Crazy Vibes@CrazyVibes_1

He was paid millions to play a miserable man — and couldn't tell where the character ended and he began. When the creators of House M.D. were casting in 2004, they wanted someone quintessentially American. British actors, they believed, couldn’t pull off the accent convincingly. They weren’t even looking overseas. Thousands of miles away in Namibia, Hugh Laurie was filming a movie and heard about the role. He couldn’t fly to Los Angeles. He couldn’t walk into a polished audition room. So he went into his hotel bathroom — the only space with enough light — propped up a camera, grabbed an umbrella as a cane, and recorded two scenes. He sent the tape, apologizing for how rough it looked. Executive producer Bryan Singer watched it and was captivated. He had no idea Laurie was British. That tape changed everything. The pilot drew seven million viewers. Respectable. Not earth-shattering. But over the following seasons, House became a global phenomenon. Laurie became the most-watched leading man on television, according to Guinness World Records. What nobody saw was the weight he carried. For eight seasons, Laurie worked sixteen-hour days. He was in nearly every scene. Los Angeles on set, London with his wife and three children — six thousand miles apart for nine months each year. The isolation crept in slowly.

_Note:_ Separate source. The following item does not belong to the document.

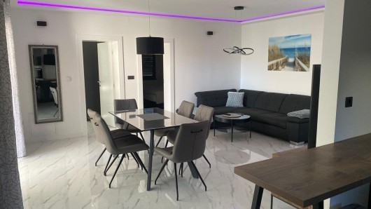 Zum Verkauf steht ein Luxushaus mit Pool im ruhigen Ort Srima, das an das beliebte Reiseziel Vodice an der dalmatinischen Küste grenzt. Das Haus befindet sich auf einem vollständig eingezäunten Grundstück von 200 m², nur wenige Schritte vom Meer entfernt. Fertiggestellt im Jahr 2018, erstreckt sich das Haus über 200 m² auf zwei Etagen und ist in modernem Stil eingerichtet. Vor dem Haus befindet sich ein Außenpool, daneben ein Jacuzzi und ein Esstisch.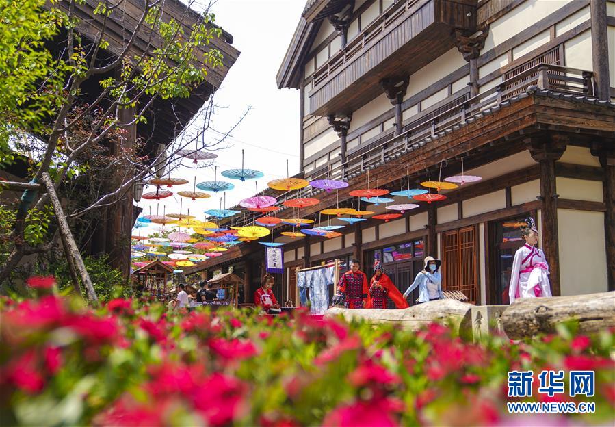 6月13日,在長春市世茂蓮花山小鎮(zhèn)寬厚里商街,表演者身穿漢服、古裝進行表演展示。當日是“文化和自然遺產(chǎn)日”。吉林長春首屆蓮花山消夏生活節(jié)在世茂蓮花山小鎮(zhèn)舉行?;顒訉⒎沁z展示與假日消暑休閑相結合,讓游人在“古色古香”的油紙傘巷中品傳統(tǒng)文化魅力,享夏日休閑愜意。新華社記者 許暢 攝

Laurie had battled depression since his youth, seeking help in 1996. The relentless schedule made it worse. He described “very, very black days” on set, a feeling of being exposed and trapped. The irony was impossible to ignore. Here was a man grappling with darkness, praised for playing a character defined by misery. The line between Hugh and House blurred with every episode. He kept his American accent between takes. Rode his Triumph Bonneville at dawn, finding brief freedom in speed and air rushing over him. But he never walked away. Eight seasons, 177 episodes. He stayed because it was the role of a lifetime. When House ended in 2012, Laurie stepped back. Music called. He released blues albums, toured with a band, and returned to acting on his terms — smaller, stranger roles, a Golden Globe-winning turn in The Night Manager. He didn’t disappear. He just stopped running on someone else’s clock. Playing House was like carrying a heavy, beautiful stone. You can’t set it down. But you can’t ignore its weight. Sometimes the greatest performances come from people who have lived the pain they portray. Laurie didn’t act misery. He understood it.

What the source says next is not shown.